Shared Memory

The asynchronous scheduler requires an apply_async function and a Queue. These determine the kind of worker and parallelism that we exploit. apply_async functions can be found in the following places

  • multithreading.Pool().apply_async - uses multiple processes
  • multithreading.pool.ThreadPool().apply_async - uses multiple threads
  • dask.async.apply_sync - uses only the main thread (useful for debugging)

Full dask get functions exist in each of dask.threaded.get, dask.multiprocessing.get and dask.async.get_sync respectively.

Policy

The asynchronous scheduler maintains indexed data structures showing which tasks depend on which data, what data is available, what data is waiting on what tasks to complete before it can be released, and what tasks are currently running. It can update these in constant time relative to the number of total and available tasks. These indexed structures make the dask async scheduler scalable to very many tasks on a single machine.

Embarassingly parallel dask flow

To keep the memory footprint small we choose to keep ready-to-run tasks in a LIFO stack such that the most recently made available tasks get priority. This encourages chains of related tasks to complete before starting new chains. This is also queryable in constant time. Read more about our scheduling policy

Performance

tl;dr The threaded scheduler overhead behaves roughly as follows:

  • 1ms overhead per task
  • 100ms startup time (if you want to make a new ThreadPool each time)
  • Constant scaling with number of tasks
  • Linear scaling with number of dependencies per task

Schedulers introduce overhead. This overhead effectively limits the granularity of our parallelism. Below we measure overhead of the async scheduler with different apply functions (threaded, sync, multiprocessing), and under different kinds of load (embarrassingly parallel, dense communication).

The quickest/simplest test we can do it to use IPython’s timeit magic.

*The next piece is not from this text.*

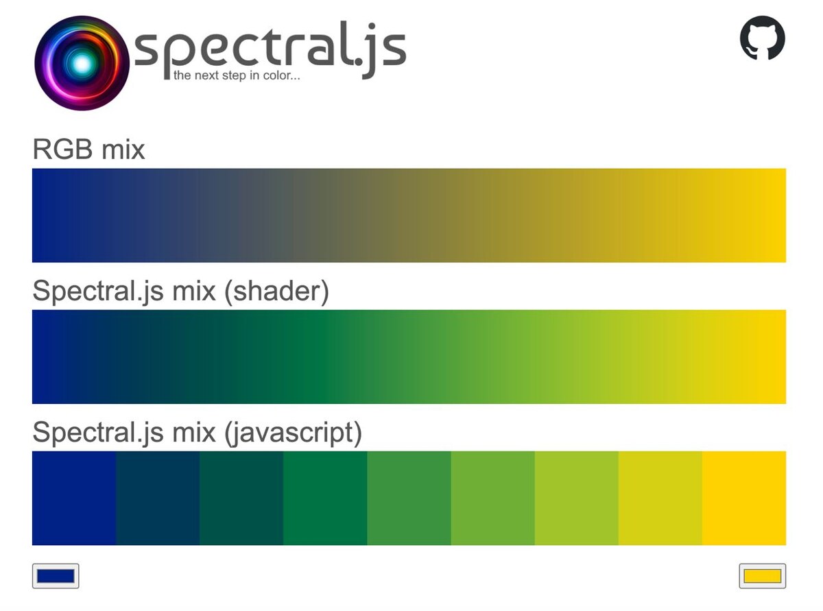 Spectral.js - это библиотека для смешивания красок, использующая теорию Кубелки-Мунка. Используя возможности теории Кубелки-Мунка, надежной научной модели, имитирующей взаимодействие света с краской, Spectral.js гарантирует, что ваши проекты будут иметь яркие и реалистичные цвета. Благодаря использованию 7 различных спектральных каналов, включая белый, голубой, пурпурный, желтый, красный, зеленый и синий, Spectral.js может быть эффективно использован в различных веб-проектах, таких как: Веб-дизайн: Насыщайте свои веб-дизайны реалистичными цветовыми палитрами благодаря способности Spectral.js к реалистичному смешиванию цветов. Графика: Повысьте качество графики, используя реалистичное смешивание цветов, которое точно отражает взаимодействие света с различными оттенками. Генеративное искусство: Создавайте захватывающее генеративное искусство, используя мощные возможности смешивания цветов Spectral.js, в результате чего получаются визуально ошеломляющие и динамичные творения. Воспользу

In [1]: import dask.array as da

In [2]: x = da.ones(1000, chunks=(2,)).sum()

In [3]: len(x.dask)
Out[3]: 1001

In [4]: %timeit x.compute()
1 loops, best of 3: 550 ms per loop

Around 500 microseconds per task. About 100ms of this is from overhead

In [6]: x = da.ones(1000, chunks=(1000,)).sum()
In [7]: %timeit x.compute()
10 loops, best of 3: 103 ms per loop

Most of this overhead is from spinning up a ThreadPool each time. This can be mediated by using a global or contextual pool

>>> from multiprocessing.pool import ThreadPool
>>> pool = ThreadPool()
>>> da.set_options(pool=pool)  # set global threadpool

or

>>> with set_options(pool=pool)  # use threadpool throughout with block
...     ...

We now measure scaling the number of tasks and scaling the density of the graph.

Adding nodes

Linear scaling with number of tasks

As we increase the number of tasks in a graph we see that the scheduling overhead grows linearly. The asymptotic cost per task depends on the scheduler. The schedulers that depend on some sort of asynchronous pool have costs in the few milliseconds. The schedulers that are single threaded are down in the microsecond range.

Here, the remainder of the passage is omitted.